Uitstoot milieuverontreinigende gassen tankschepen wordt beperkt
Sinds 1 oktober 2024 is er een nieuwe internationale wetgeving van kracht in België, Nederland, Luxemburg, Duitsland, Frankrijk en Zwitserland. Die beperkt in sterke mate de uitstoot van milieuverontreinigende gassen naar de lucht vanuit binnenvaart tankschepen.
Sinds 1 november 2009 is het verdrag rond de verzameling, afgifte en inname van afval in de Rijn- en binnenvaart (CDNI) van kracht in België, Duitsland, Nederland, Frankrijk, Zwitserland en Luxenburg. De binnenvaart is een milieuvriendelijke vervoerswijze, maar dat bij de exploitatie en het gebruik van binnenschepen afvalstoffen ontstaan, is onvermijdelijk. Het CDNI bepaalt de wetgeving om scheepsbedrijfsafval gericht te voorkomen en adequaat te verzamelen. Het verdrag werd onlangs uitgebreid met regels die moeten voorkomen dat restgassen uit de ladingtanks van tankschepen vrijkomen in de lucht. Lost een tankschip haar lading, dan moet de tank vaak volledig proper en gasvrij gemaakt worden vooraleer het een nieuwe lading kan innemen. Die gassen werden tot recent vaak in de omgevingslucht uitgestoten.
Gefaseerde aanpak
Sinds 1 oktober 2024 is fase één van de uitbreiding van het verdrag van kracht. Tankschepen die varen op binnenwateren mogen een eerste reeks van schadelijke gassen niet meer uitstoten in de omgevingslucht. Deze gassen zijn niet alleen schadelijk voor de mens (bijvoorbeeld het kankerverwekkende benzeen) maar veroorzaken ook ozon in de omgevingslucht. De stoffen moeten nu worden afgestoten aan een daarvoor vergunde ontgassingsinstallatie tot de concentratie in het schip laag genoeg is. De ontgassingsinstallatie behandelt het gas zodat het overgrote deel van deze schadelijke producten vernietigd of verwijderd wordt.

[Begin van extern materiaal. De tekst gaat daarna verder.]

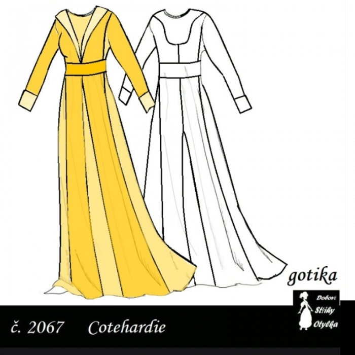 COTTE obléká se na spodní košili tzv. oplečí, sukně sahá až k zemi, vzadu je prodloužena do vlečky. V pase je oděv volný, přes boky často přepadá volný ozdobný pás. Šněrování se stává při úzkém šatu nutností a objevuje se v přední části živůtku
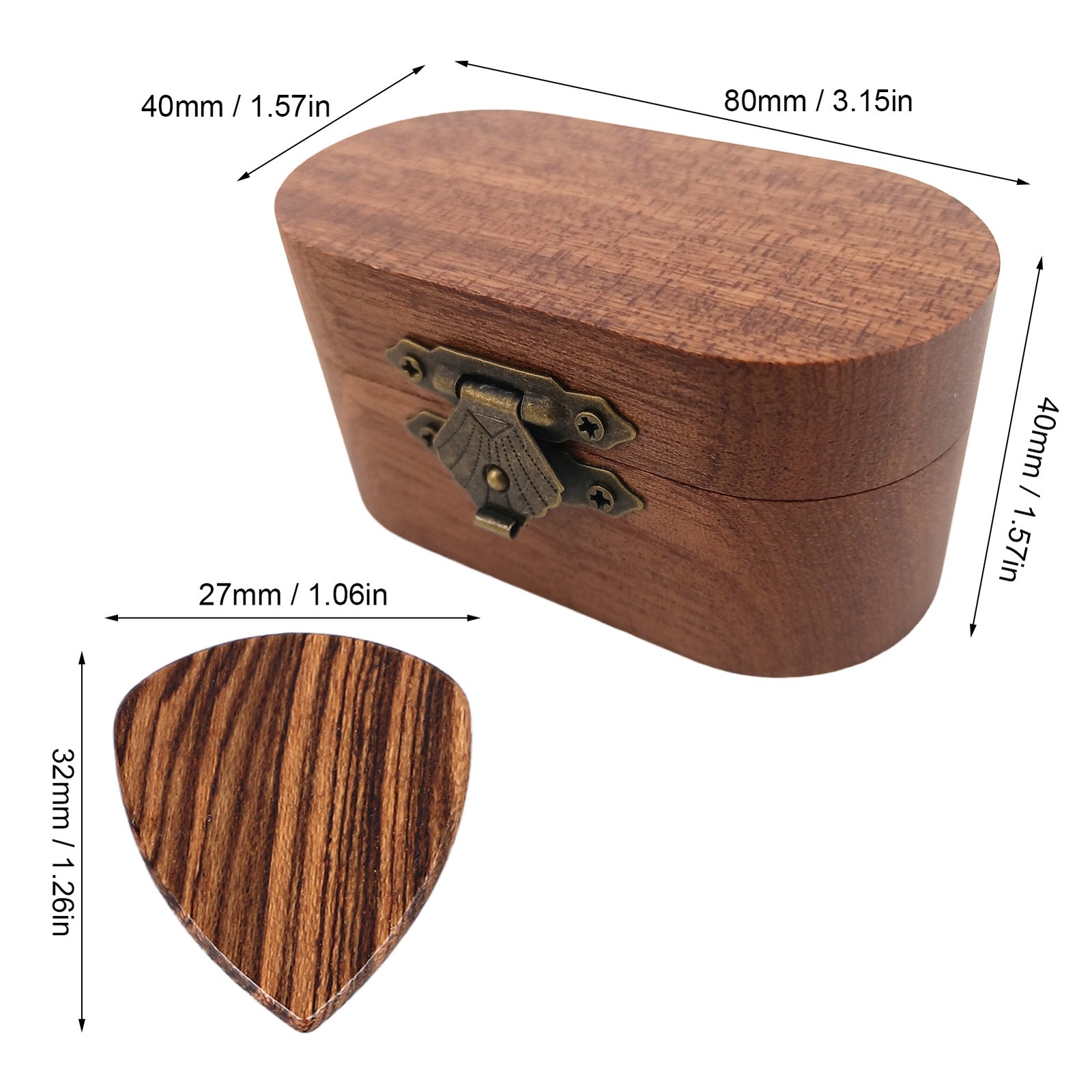 Guitar Picks Box Wooden Case Portable Holder Storage Container Solid Wood Ac ECM
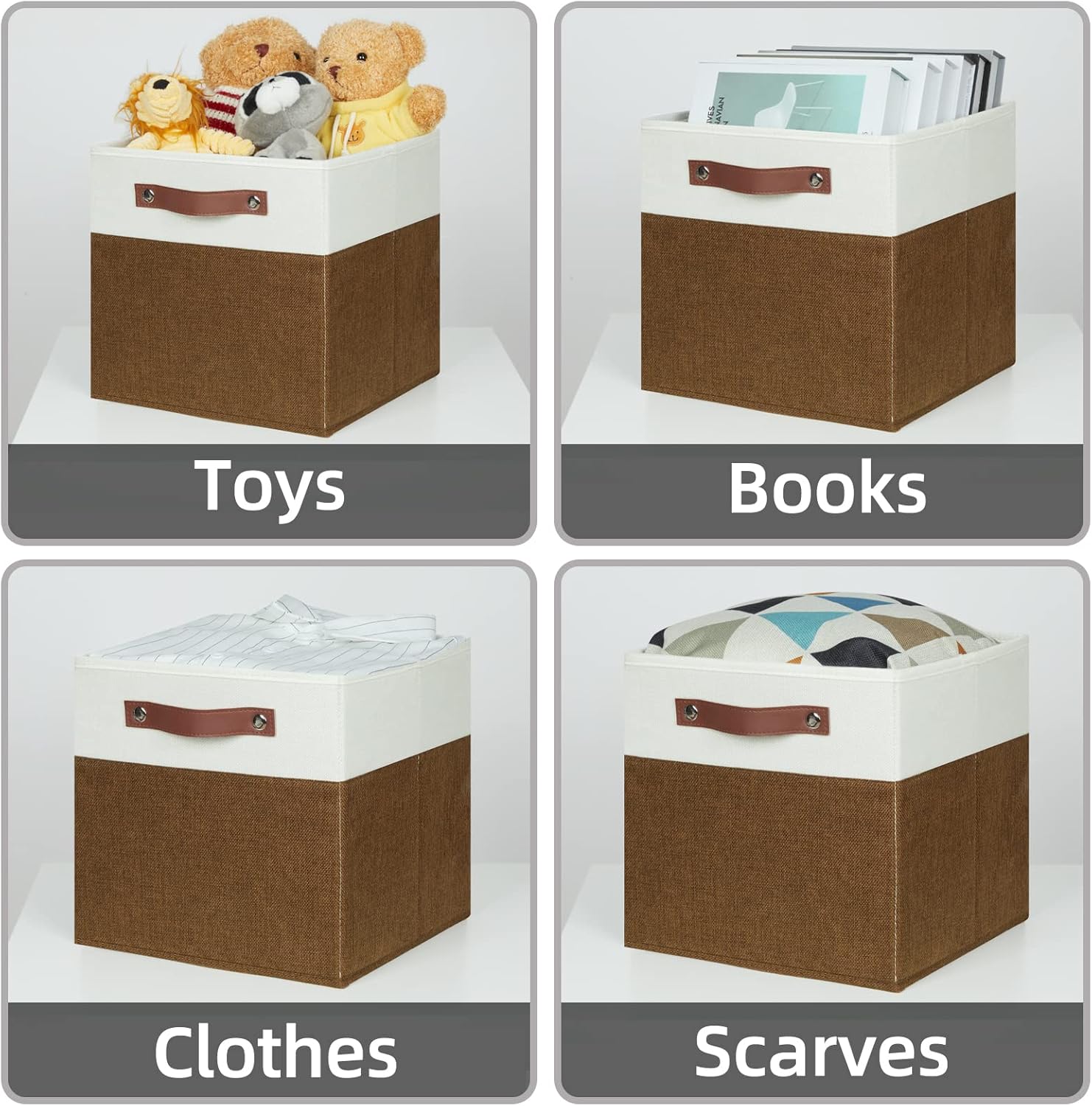 - 【Sturdy Leather Handles 】Sturdy thickened leather handles and metal iron buckles make 11 inch cube storage bin easy to carry even with a heavy load. Cardboard is inserted at the bottom and sides to provide support, so that these fabric bins for cubes to stand on, holding the shape well and can be used for a long time

In deze eerste fase worden de belangrijkste en meest voorkomende stoffen (zoals producten met hoge benzeenconcentraties) aangepakt. In 2026 en 2028 moeten andere veel voorkomende producten aan dezelfde voorwaarden voldoen. Dit beperkt de verontreiniging van het milieu en maakt de leefomgeving gezonder. Dat is nodig, want een VMM-meetcampagne in 2021 in de haven van Antwerpen toonde aan dat er 5 keer meer vluchtige stoffen in de lucht zitten dan in de rest van Vlaanderen.
Taskforce ‘Ontgassen’
Onder voorzitterschap van de VMM werd in 2020 de taskforce ‘Ontgassen’ opgericht, een samenwerking van overheidsinstanties, havens en betrokken sectoren. Deze taskforce trof alle nodige voorbereidingen om deze nieuwe regels op een vlotte manier ingang te doen vinden.
Voor de nodige ontgassingsinstallaties werkt de taskforce nog aan een algemeen kader dat wordt opgenomen in VLAREM. Totdat deze regels er zijn, worden ontgassingsinstallaties vergund via de bestaande VLAREM-wetgeving, aangevuld met bijkomende bijzondere voorwaarden. Via vergunde ontgassingsinstallaties kunnen de schepen hun toxische gassen veilig afstaan.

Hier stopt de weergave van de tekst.